SoloDinamo ha detto...

...ma che fatica!
Sono uscito piacevolmente distrutto da questa partita, che bello prendersela contro gli strani arbitri, smoccolare all'indirizzo dei sempiterni "nemici" (agonistici) del Brindisi ed esultare per tante belle giocate biancoblu. Ha ragione Meo: nel 2012, infatti (epoca di Easley & Hosley, quello che tirava il pallone agli arbitri), aveva detto che per l'anno successivo avrebbe integrato un'analista nel roster.

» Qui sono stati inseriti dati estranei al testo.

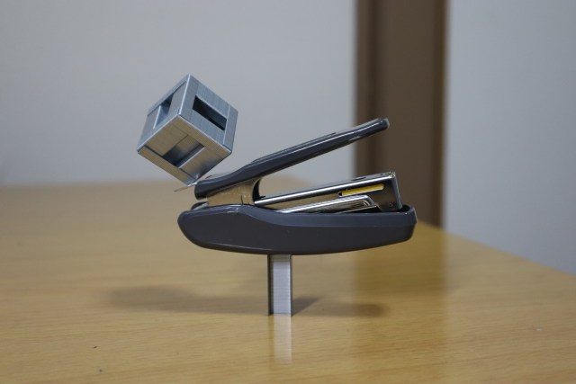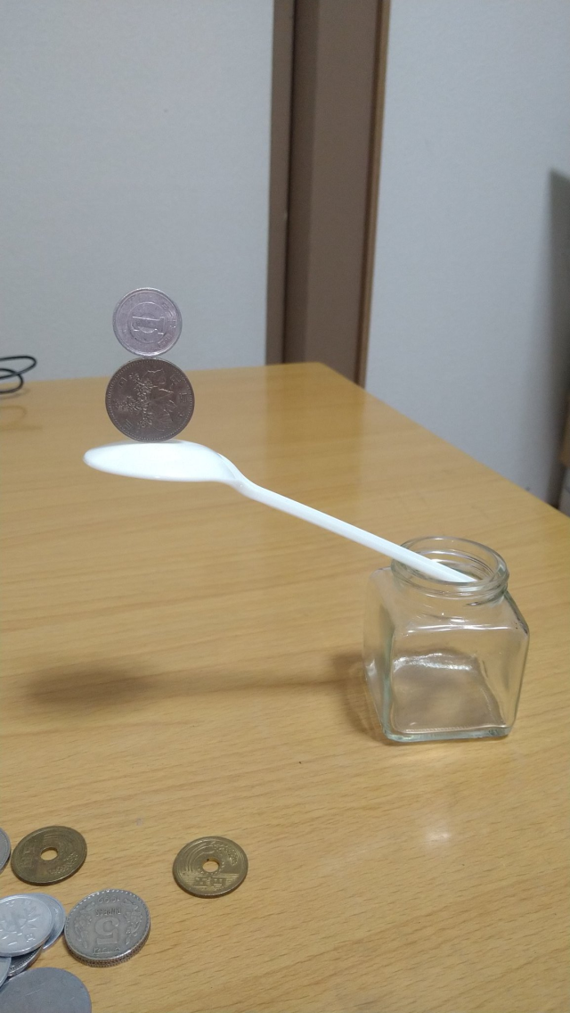 再來,榔頭的頭直立在湯匙柄上,而鑷子的握柄則插在湯匙的洞上,鑷子尖端則立在桌子邊緣,又是一個「危險」的平衡。

Stavolta lui, noi, tutti vogliamo scoprire che cosa diamine c'era nella testa dei giocatori nel primo quarto. Non si sa, ci vorrebbe una consulenza vera.
Non si erano accorti che dovevano entrare tosti, che c'era il Brindisi da rimontare di 10, che c'erano Campbell James Zerini e tutti gli altri...forse pensavano alla bella giornata di sole e ai bimbetti sul parterre ad applaudire i loro papà.
Ma come nel più bello dei sogni-Dinamo, tutto alla fine è stato ROSE e fiori (qualche donna si è pure punta...peccato). Ed abbiamo visto nei successivi 27 minuti quella Dinamo che tutti vorremmo.
Il lunedì 19/5 alle h 20:30 si riparte seriamente, c'è un sacco di tempo a disposizione per svegliarci dal torpore primaverile e tirare fuori gli ormoni cazzuti che risultano necessari; Omar Thomas ha detto che ama i P.O., molto bene, anche noi! E Travis insieme a Green, il nano-cristiano, finalmente insieme girano a meraviglia. Se Caleb riuscisse pure a difendere, se Gordon oltre ad abbattere avversari e tentare stoppate (im)possibili entrasse totalmente in forma, se Drake fosse più tutelato dai fischietti, se Jack tirasse dritto, se...se ...se...si potrebbe veramente giocare alla grande questa serie.
Dite che siamo dalla parte sbagliata della griglia? Rivoltatela e vedrete indigesti salsiccioni, targati "Siena", "Cantù" e "Reggio" (gli stessi degli anni scorsi), e non mi piacerebbe stare da quella parte lì, mi piace molto starmene di qui. Un Brindisi a misura d'uomo e "terrestre" mi pare l'avversaria più adatta a noi.
Forza Dinamo, davvero, ora e sempre.